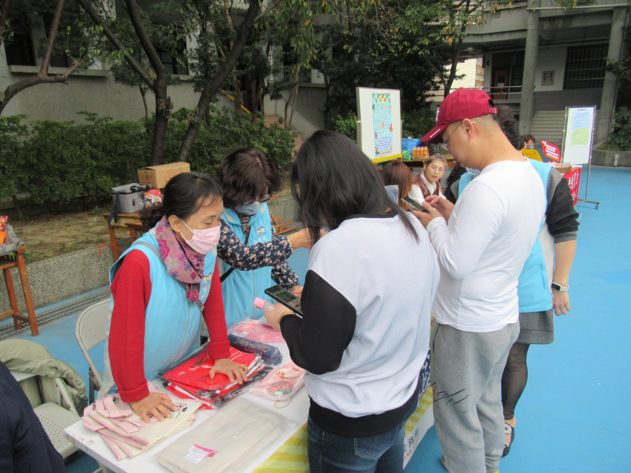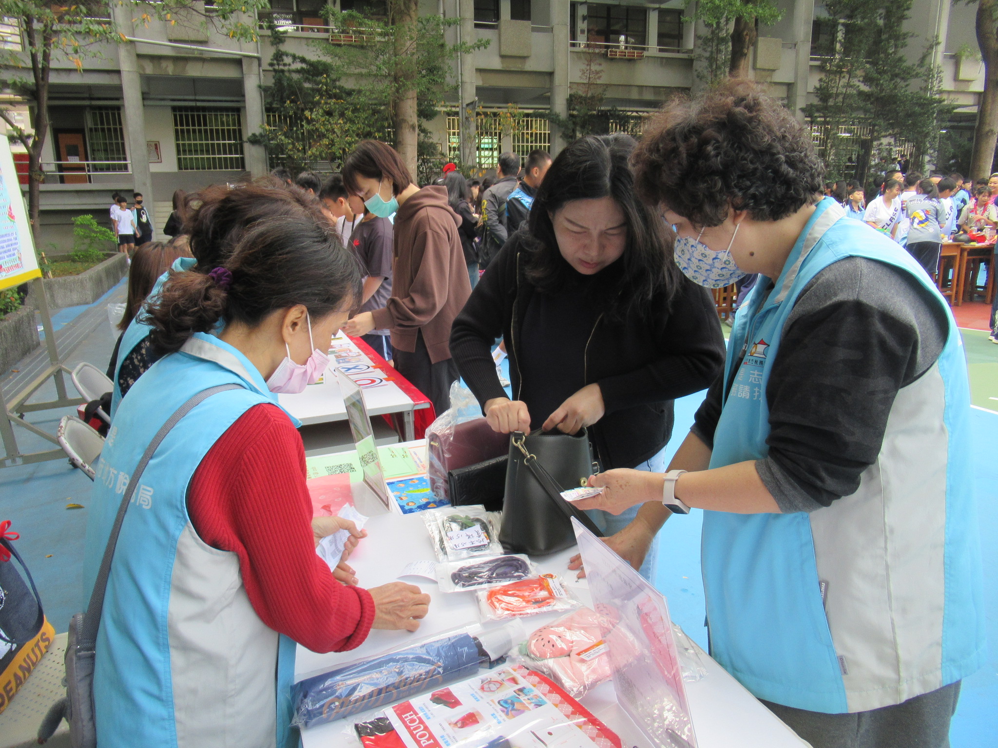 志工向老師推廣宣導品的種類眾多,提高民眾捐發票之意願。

+-------+

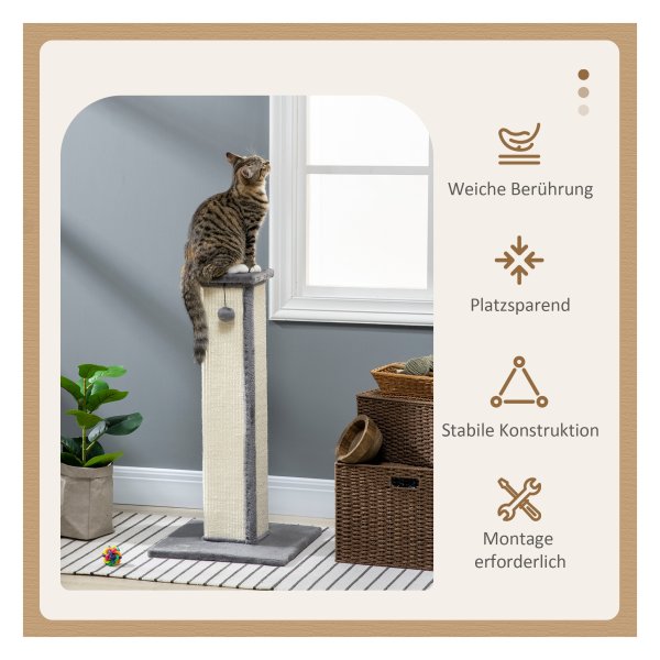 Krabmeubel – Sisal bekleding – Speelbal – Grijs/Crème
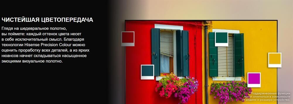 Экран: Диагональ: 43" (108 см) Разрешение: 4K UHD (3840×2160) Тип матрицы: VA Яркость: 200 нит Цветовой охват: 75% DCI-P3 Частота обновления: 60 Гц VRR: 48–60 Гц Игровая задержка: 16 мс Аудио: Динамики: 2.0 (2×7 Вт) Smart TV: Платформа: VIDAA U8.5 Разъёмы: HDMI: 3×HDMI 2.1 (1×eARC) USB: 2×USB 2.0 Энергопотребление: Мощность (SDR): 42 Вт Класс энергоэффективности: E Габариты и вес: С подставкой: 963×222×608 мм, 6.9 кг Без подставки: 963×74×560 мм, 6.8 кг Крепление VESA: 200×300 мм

+-------+

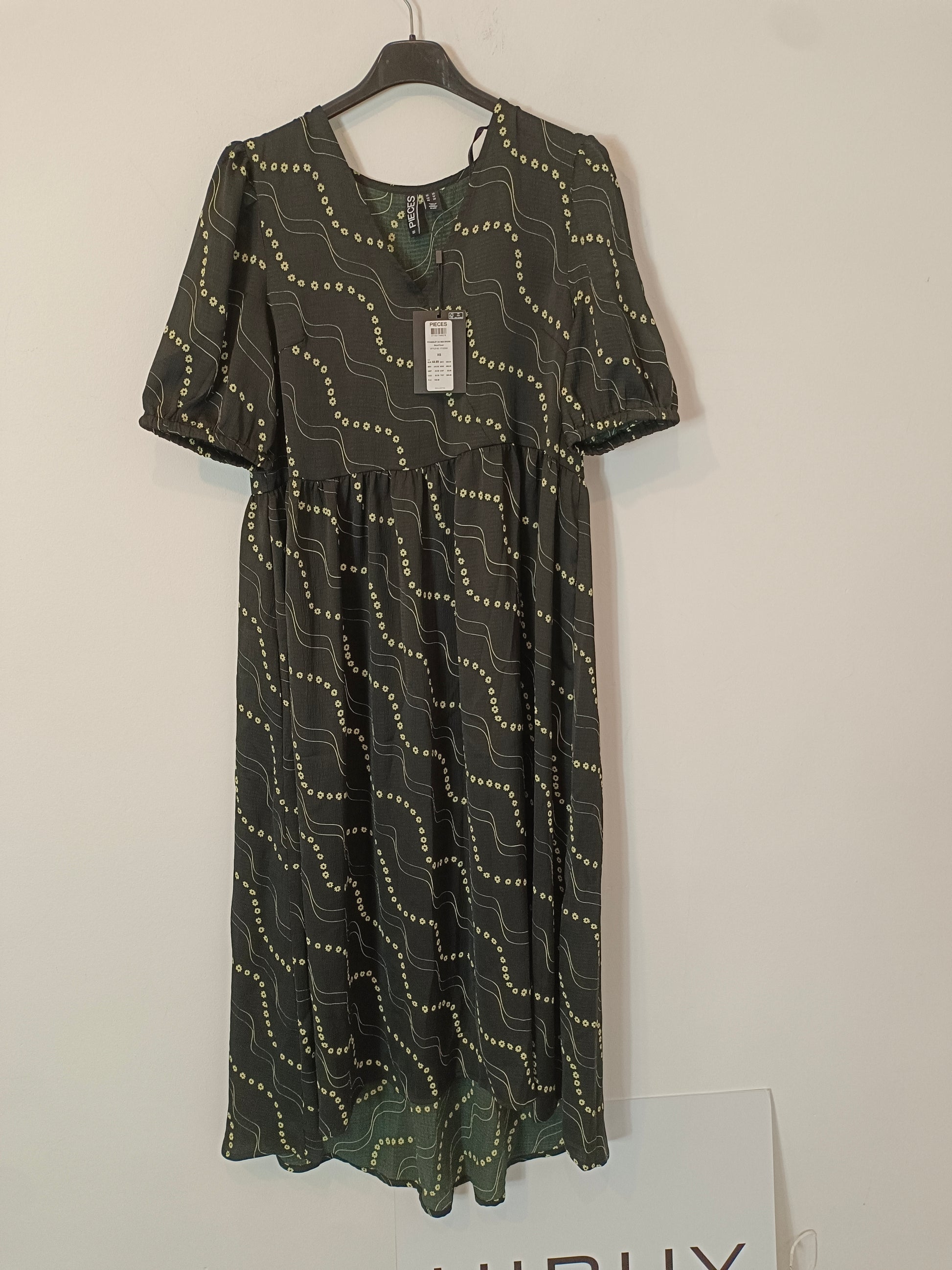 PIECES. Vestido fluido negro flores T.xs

+-------+

WORK REQUIRED: From the records above, extract the lines from the one holding "Krabmeubel – Sisal" through the one holding "VESA: 200×300 мм", word for word; omit the pictures.

YOUR RESPONSE:
 Krabmeubel – Sisal bekleding – Speelbal – Grijs/Crème
 Экран: Диагональ: 43" (108 см) Разрешение: 4K UHD (3840×2160) Тип матрицы: VA Яркость: 200 нит Цветовой охват: 75% DCI-P3 Частота обновления: 60 Гц VRR: 48–60 Гц Игровая задержка: 16 мс Аудио: Динамики: 2.0 (2×7 Вт) Smart TV: Платформа: VIDAA U8.5 Разъёмы: HDMI: 3×HDMI 2.1 (1×eARC) USB: 2×USB 2.0 Энергопотребление: Мощность (SDR): 42 Вт Класс энергоэффективности: E Габариты и вес: С подставкой: 963×222×608 мм, 6.9 кг Без подставки: 963×74×560 мм, 6.8 кг Крепление VESA: 200×300 мм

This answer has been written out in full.